What would be an abuse of discretion, on this issue? The Friedman opinion says:
A circuit court abuses its discretion when the record discloses that the court acted arbitrarily rather than with due regard to conscientious judgment. See Slayton v. Commonwealth, 185 Va. 357, 367, 38 S.E.2d 479, 484 (1946). Stated another way, “[o]nly when reasonable jurists could not differ can we say an abuse of discretion has occurred.” Wright v. Wright, 61 Va. App. 432, 463-64, 737 S.E.2d 519, 534 (2013) (quoting Robbins v. Robbins, 48 Va. App. 466, 482, 632 S.E.2d 615, 623 (2006)).
A divorce case abates on a party's death. Simpson v. Simpson, 162 Va. 621, 633, 175 S.E. 320, 325 (1934).

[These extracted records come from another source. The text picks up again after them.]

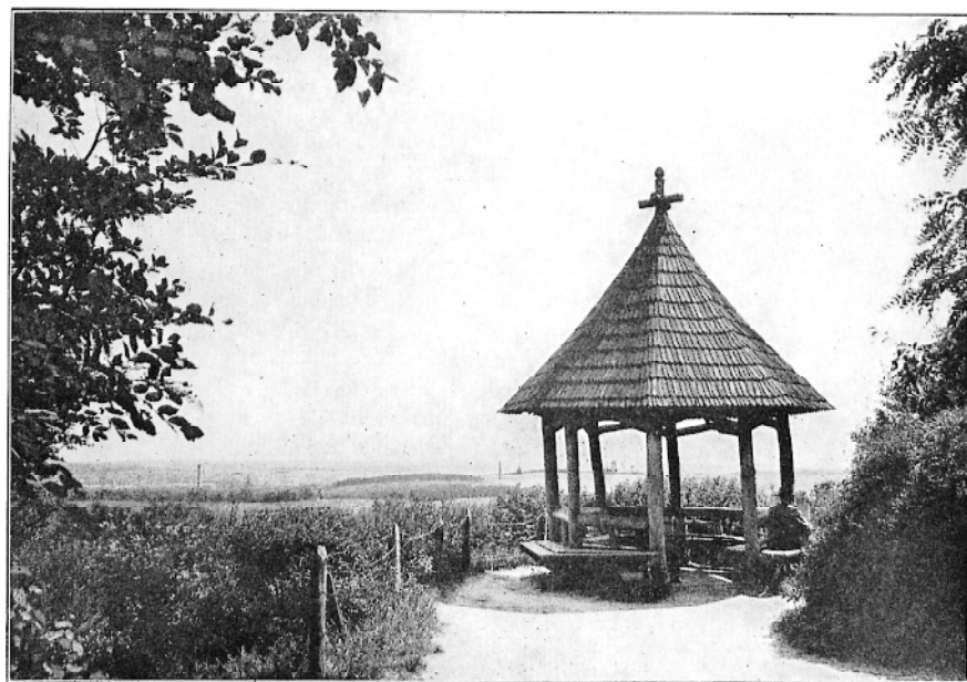
Aussichtslaube unterhalb der Königshöhe.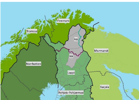
Kuva 1. Pohjois-Lapin maakuntakaava-alue ja vaikutusalueet.

Lapissa maakuntakaavoitus etenee osa-alueittain. Pohjois-Lapin maakuntakaava-alueeseen kuuluvat Inari, Sodankylä ja Utsjoki. Vaikutusaluetta on Pohjois-Lapin lisäksi koko Lapin maakunta sekä Norjan ja Venäjän lähialueet (Kuva 1). Pohjois-Lapin maakuntakaava-alueesta saamelaisen kotiseutualueeseen (Laki saamelaiskärjistä 17.7.1995/974) kuuluvat Inarin ja Utsjoen kuntien alueet sekä Sodankylän kunnassa sijaitseva Lapin paliskunnan alue. Koltta-alue sijoittuu Inarin kunnan itäosaan.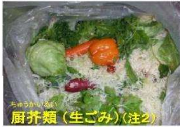
ちゅうかいるい 厨芥類（生ごみ）（注2）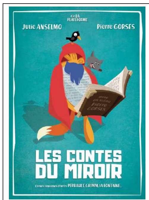
Affiche tout public du spectacle Durée 1h10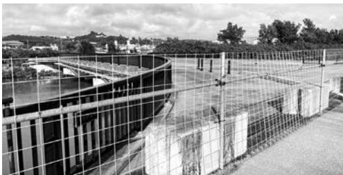
豊崎小学校と翁長地域を繋ぐ翁長橋! 開通間近!

経済建設部長 今年度中に翁長橋と市道203号線の交差点付近用地売買契約が締結できるよう地権者と最終的な協議を行っている。令和3年度当初予算に交差点部分の工事に係る予算を計上し、土地売買契約と関係機関協議が完了次第工事を発注する計画。

But after bifurcation, does the E.D. case still live on after a party dies? This opinion is not completely clear on that, but checking the trial court's docket shows that yes, the E.D. case is alive and well. The opinion notes that the equitable distribution case, and especially claims for attorney’s fees, may survive and be carried on by the estate’s personal representatives, citing 1932 and 1898 cases:
“[W]here the consequences of the divorce are such as affect the property rights of the parties to the suit, the heirs or personal representatives may have such an interest in the litigation as that the cause will survive, not for the purpose of continuing the controversy touching the right of divorce within itself; but for the ascertainment of whether the property has been rightfully diverted from its appropriate channel of devolution.” Craddock’s Adm’r v. Craddock’s Adm’r, 158 Va. 58, 65, 163 S.E. 387, 389 (1932) (emphasis added) (quoting Nickerson v. Nickerson, 48 P. 423, 423 (Or. 1898)).
The rule nationwide is that after bifurcation and death, the E.D. case continues:
If the drawn-out nature of modern divorce proceedings means that the court still faces ancillary issues, such as property division or support, the uniform modern rule is that those issues should be resolved by the divorce court, with the decedent's estate substituted as a party. In other words, the courts have declined to extend the common-law rule so that death abates an action for property division or support. As long as the divorce action itself survives, death will not cause abatement of ancillary issues. In re Hilke, 4 Cal. 4th 215, 841 P.2d 891, 14 Cal. Rptr. 2d 317 (1992); Angelli v. Sherway, 560 A.2d 1028 (Del. 1989); Estate of Pinkerton v. Pinkerton, 435 Pa. Super. 455, 646 A.2d 1184 (1994).
-- from "ABATEMENT OF DIVORCE AND ANCILLARY PROCEEDINGS UPON THE DEATH OF A PARTY" by the National Legal Research Group, Inc.
Another small exception to abatement at death, one which proves the rule: Sprouse v. Griffin, 250 Va. 46 (1995)) allowed a trial court to distribute funds it held in escrow when a divorce terminated at death, but that was because it did so not as equitable distribution, nor as probate, but to carry out the automatic property-law effects of the death of one of the tenants-by-the-entirety who had owned the property whose sale the funds came from.
Another great quotation from this opinion:
“[T]he plain, obvious, and rational meaning of a statute is always to be preferred to any curious, narrow, or strained construction.” Belew v. Commonwealth, 62 Va. App. 55, 62, 741 S.E.2d 800, 803 (2013) (quoting Turner v. Commonwealth, 226 Va. 456, 459, 309 S.E.2d 337, 338 (1983)).